Indeed, most of the white, liberal students who consider themselves activists look at you with genuine puzzlement when you tell them how Oliver Wendell Holmes described the test of free speech: “If there is any principle of the Constitution that more imperatively calls for attachment than any other, it is the principle of free thought-not free thought for those who agree with us but freedom of thought that we hate.”
These new Jacobins are powered by a genuine faith that they are working for an undeniable good- creating and sustaining true equality on campus by eradicating speech that makes minorities, women, and gays feel unwanted. Convinced that they are occupying the moral high ground, they see their opponents as using free speech as a cover for their own racism, sexism, or disgraceful indifference.
And they are joined by the undeniably influential editorial writers of The New York Times who-on May 12, 1991 described as “sloganeering” any attempts to criticize “political correctness” on campus. “The real danger,” said the Times, “is the rising tide of hate.”
The Times approves of campus speech codes-as if it is necessary to curb speech in order to curb bigotry. Educators presumably have no other way to educate students out of what they have learned at home or among poisoned peers.
Underlying this conflict between the relatively few free speech students and administrators, on the one hand, and the censors-for-the-common-good on the other is a deeper debate: proponents of civil rights vs. proponents of civil liberties. It has hardly been mentioned in the abundance of reports on the civil wars on the campuses.
Among the law professors on the PBS panel were Thomas Grey of Stanford, who is white, and Randall Kennedy of Harvard, who is black.

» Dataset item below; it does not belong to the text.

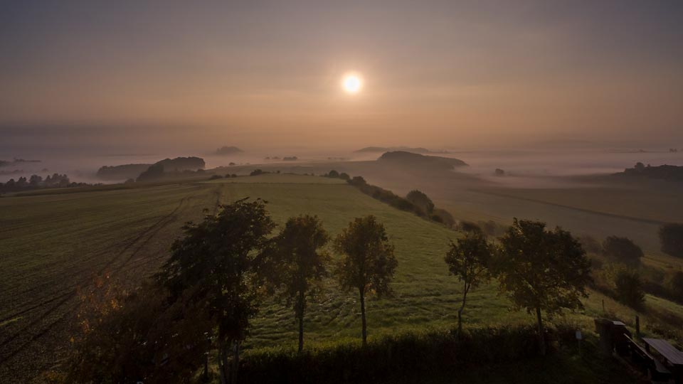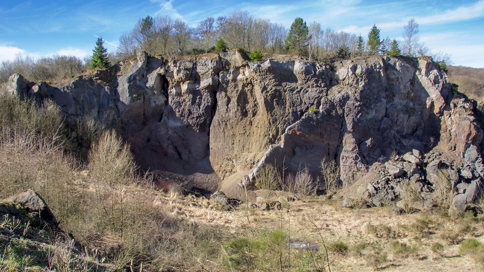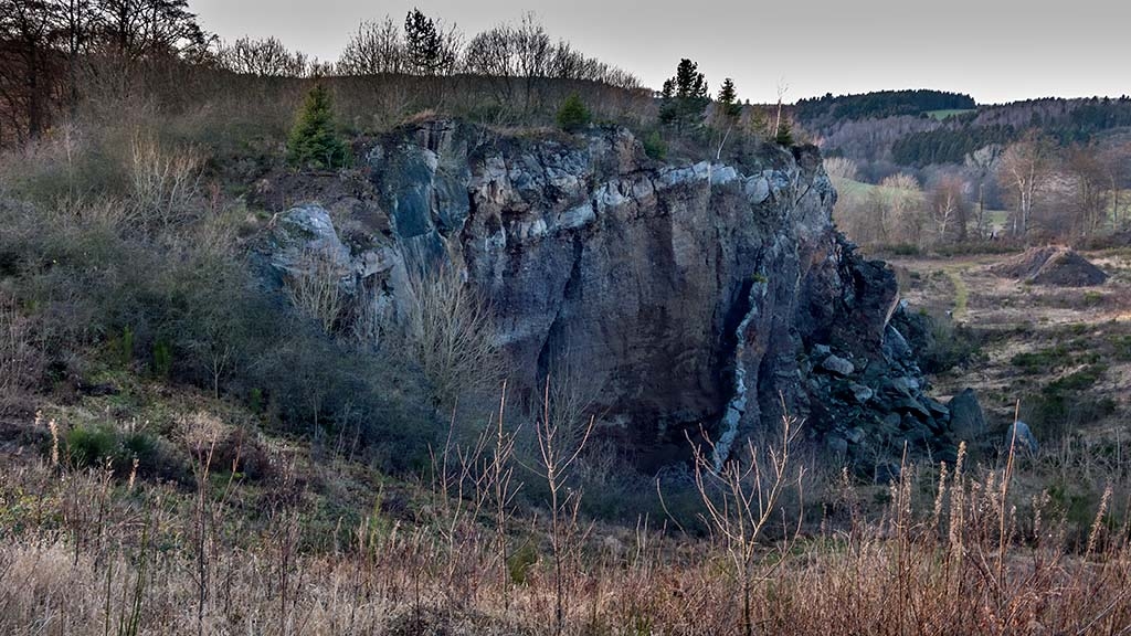 Nehmen Sie sich beim Besuch Zeit mit, und natürlich eine Kamera. Wenn die Sonne am Mittag hoch steht, werden Sie wahrscheinlich die üblichen flauen und dunstigen Bildchen knipsen. Also verschieben Sie den Besuch auf den Abend, wenn die Sonne schräg steht, wenn es Schatten und somit „Tiefe” gibt. Ganz oben auf den Resten des Steffelbergs finden Sie eine kleine Aussichts-Plattform mit einer Erklärungstafel zu allem, was Sie von dort sehen. Und das ist eine ganze Menge. Rundumsicht, Blick bis rüber zur Nürburg, und überhaupt - Vulkaneifel, aber vom Feinsten!

Grey essentially wrote the Stanford speech code and Kennedy-himself a powerful exemplar of free speech and thought-is in favor of college codes.
Both Grey and Kennedy served as clerks to J. Skelly Wright on the U.S. Court of Appeals for the District of Columbia Circuit. Wright was a courageous, indomitable defender and implementer of civil rights. Both Grey and Kennedy also served as clerks to Thurgood Marshall on the Supreme Court, Marshall, while a consistent advocate of free speech, has been most influential as a paladin of civil rights.
Throughout the country, both on campus and off, There is an intense conflict between civil-rights and civil-liberties students, administrators, and professors. In the American Civil Liberties Union-whose national board declared its opposition to college speech codes only after lengthy debate-the legal director, John Powell, who is black, still maintains that a balance has to be struck in these matters between the First and the 14th Amendments. The latter guarantees everyone equal protection under the law. Powell and the civil-rights legions argue that students have the right to be protected from demeaning and denigrating speech if they are to be, and feel, equal on campus.
This split between civil-rights and civil-liberties forces has been dramatically evident during debates about college speech codes on various boards of affiliates of the ACLU. Black board members, with exceptions, have called for support of the speech codes.